On November 12, the Safe Streets and Communities Act went into effect. The Act is basically an omnibus crime bill combining eight formerly separate bills covering everything from protecting youth from sexual predation to discontinuing pardons for serious crimes to protecting vulnerable foreign nationals from trafficking and exploitation.

Also included in the legislation are mandatory minimum sentences for drug crime. I've written before on how I feel about the drug laws in Canada and I am not a fan of these new provisions either.

We do not live in a black and white world. This is why we have judges and this is why we give judges discretion to deal with issues in all the shades of grey that make up the world of criminal activity.

As I've also written before, there are various goals of sentencing, the least effective of which, for purposes of preventing crime, is punishment.

As an aside, I am not always opposed to mandatory minimum sentences. For particularly egregious offences, murder, sexual predation etc., punishment is, in my opinion, a legitimate justification for severe penalties.

For drug offences, however, particularly Schedule II drugs (i.e., marijuana), I think it is wrong-headed. We need to trust our judges.

You don't get to be a judge by thinking, 'yeah, you know, I think I might like to try my hand at that.' These individuals, for the most part, are extremely qualified individuals, who are able to assess risk and make qualified decisions on a case-by-case basis.

Take the case of Brody Baumgartner. On January 17, Judge Ross Green ruled, based on evidence presented in a preliminary hearing, that the Crown had insufficient evidence to support a charge of trafficking. Had the judge found in favour of the Crown's position, Baumgartner would have faced a mandatory minimum penalty of two years in prison following changes to the Controlled Drugs and Substances Act passed in the Safe Streets and Communities Act.

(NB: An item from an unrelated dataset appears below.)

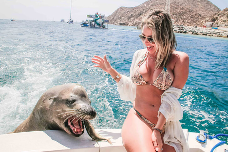 Es ist sicherlich nicht ganz einfach, einen Hund auf eine Bootsfahrt mitzunehmen. In vielen Fällen ist es besser, sie zu Hause zu lassen, um sie zu schützen. Das Meer hat jedoch eine Überraschung für uns! Unter den Meerestieren können wir einige treue Begleiter finden. Robben zum Beispiel sind bessere Schwimmer als Hunde und im Meer in ihrem natürlichen Lebensraum zu Hause. Allerdings gibt es auch hier einige Sicherheitsrisiken. Robben sind Menschen gegenüber erst freundlich, wenn sie gefüttert wurden. Ihre Lieblingsspeisen sind Fisch, Tintenfisch und Krustentiere. Die junge Frau auf dem Foto hat sie mit einigen Fischen gefüttert, um ein paar Fotos zu machen.
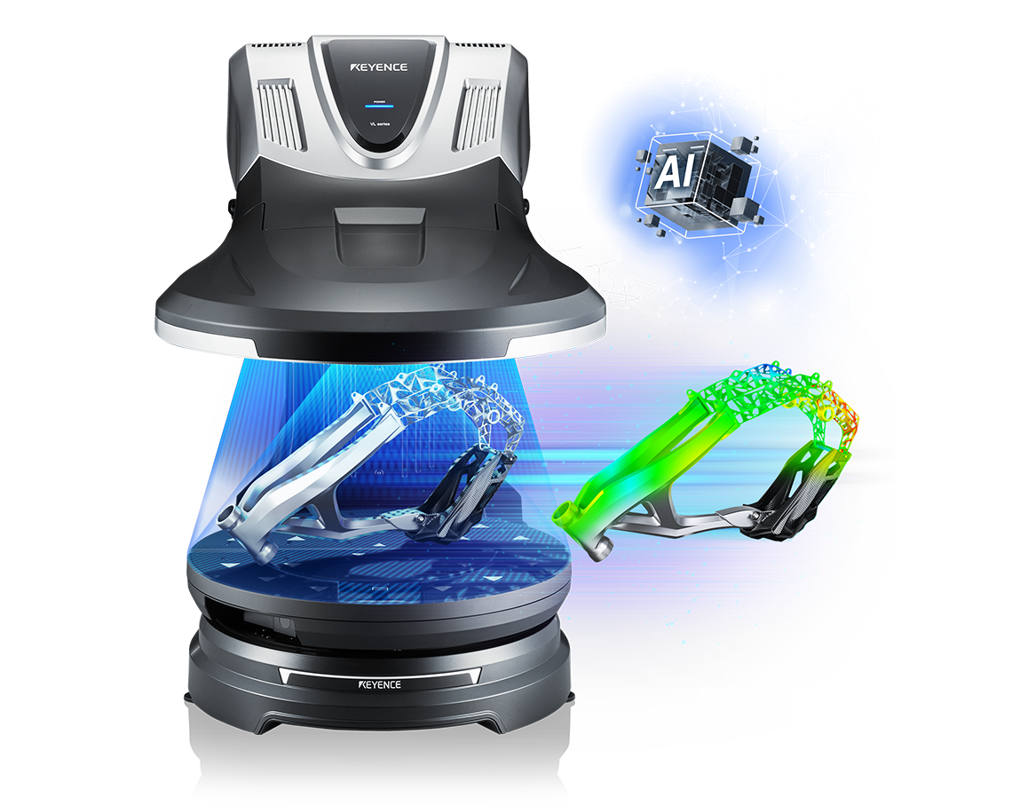 เครื่องมือวัดพิกัดสแกนเนอร์ 3D รุ่น VL-800 ซีรีส์ เป็นเครื่องแรกในซีรีส์ที่มาพร้อม 3D-AI ด้วยการสนับสนุนจาก AI ข้อมูล 3D คุณภาพสูงจึงส่งตรงถึงผู้ใช้ทุกคนได้อย่างง่ายดาย มาพร้อมฟังก์ชันใหม่ที่เป็นรายแรกของโลก นั่นคือคำแนะนำในการวิเคราะห์ โดยฟังก์ชันนี้จะมี AI แนะนำวิธีการวัดที่เหมาะสมสำหรับรูปร่างของชิ้นงาน นอกจากนี้ การเปรียบเทียบการสแกนชิ้นงานกับข้อมูล CAD ของ 3D ยังช่วยให้มองเห็นความผิดปกติและความโก่งงอได้ไม่ยาก และยังสามารถใช้ข้อมูล 3D คุณภาพสูงที่ได้มาเพื่อทำวิศวกรรมย้อนกลับได้อย่างรวดเร็วและง่ายดายยิ่งขึ้นอีกด้วย

There is a publication ban on the evidence, but having been privy to it myself, I believe it would have been a miscarriage of justice for him to face trafficking charges. Judge Green apparently agreed. But it could have happened and had he been convicted, the judge would not have had any discretion in sentencing.

And that's the point. The circumstances in these cases are complex and judges should have discretion. For example, the rules include aggravating circumstances that allow for strict sentences if the crime is committed for the benefit of organized crime, involves violence or involves a youth, among others.

Only a qualified person, taking into account the totality of the evidence, can make a proper decision with regard to sentencing. I submit this is not the role of Parliament and I suspect that mandatory minimum sentences might be unconstitutional.

Then there are the practical considerations. In a justice system already bulging at the seams of its capacity, these changes will undoubtedly lead to more trials generally and more trials by jury specifically.

If a defendant is facing the discretion of a judge, a plea bargain is often in their best interest and the public best interest. When that same person is facing a mandatory minimum sentence, he might as well take his chances with a jury.

The Crown is so convinced of this it has already committed an extra $6.5 million to accommodate the increase in trials.

This is what happens when a party governs on the basis of ideology rather than evidence. We should be focussed on preventing crime not punishing people after the fact.